[PROBLEM STATEMENT] The output should be the listing below, limited to the lines from the one with "当前位置: 卡车之家 >卡车经销商" through the one with "服装店中正在售卖的商品主要包", exact and without pictures.

[PROVIDED RECORDS]
----
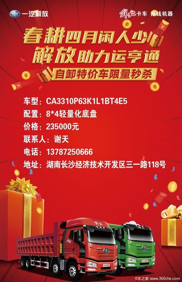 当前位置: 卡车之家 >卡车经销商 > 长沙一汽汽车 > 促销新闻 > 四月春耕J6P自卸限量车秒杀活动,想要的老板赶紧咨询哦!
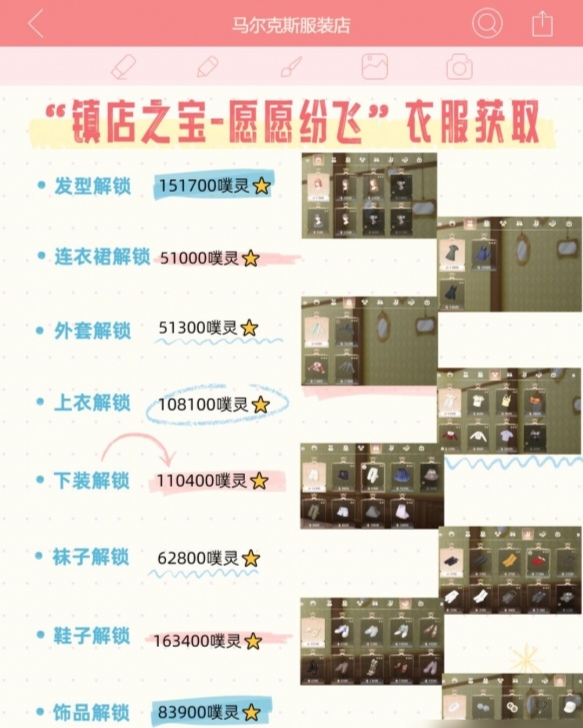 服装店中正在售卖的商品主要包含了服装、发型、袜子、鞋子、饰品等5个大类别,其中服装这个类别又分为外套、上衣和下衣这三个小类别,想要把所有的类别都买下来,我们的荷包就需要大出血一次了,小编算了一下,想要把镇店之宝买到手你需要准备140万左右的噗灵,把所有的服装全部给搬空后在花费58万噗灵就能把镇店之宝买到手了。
----
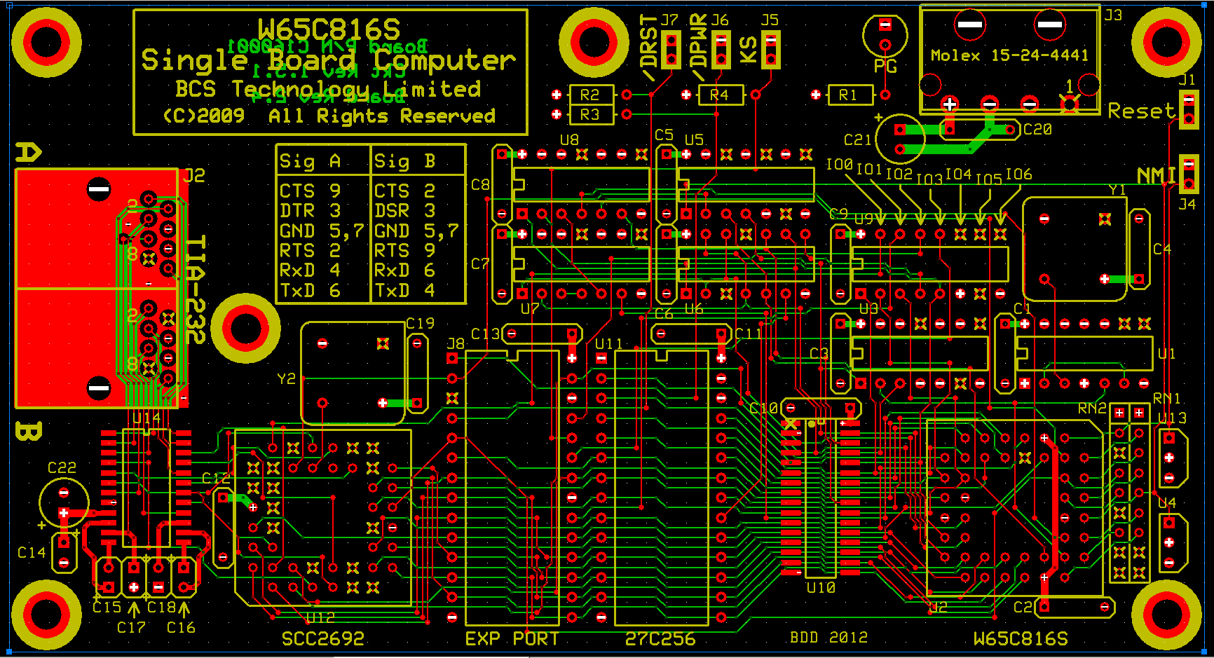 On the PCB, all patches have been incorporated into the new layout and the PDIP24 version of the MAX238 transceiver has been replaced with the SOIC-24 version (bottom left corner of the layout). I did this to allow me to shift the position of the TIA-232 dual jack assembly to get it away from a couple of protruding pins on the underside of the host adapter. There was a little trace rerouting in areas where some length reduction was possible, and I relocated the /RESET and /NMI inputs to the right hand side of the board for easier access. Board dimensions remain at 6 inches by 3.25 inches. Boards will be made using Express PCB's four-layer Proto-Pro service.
----
[ANSWER TO THIS TASK]
 当前位置: 卡车之家 >卡车经销商 > 长沙一汽汽车 > 促销新闻 > 四月春耕J6P自卸限量车秒杀活动,想要的老板赶紧咨询哦!
 服装店中正在售卖的商品主要包含了服装、发型、袜子、鞋子、饰品等5个大类别,其中服装这个类别又分为外套、上衣和下衣这三个小类别,想要把所有的类别都买下来,我们的荷包就需要大出血一次了,小编算了一下,想要把镇店之宝买到手你需要准备140万左右的噗灵,把所有的服装全部给搬空后在花费58万噗灵就能把镇店之宝买到手了。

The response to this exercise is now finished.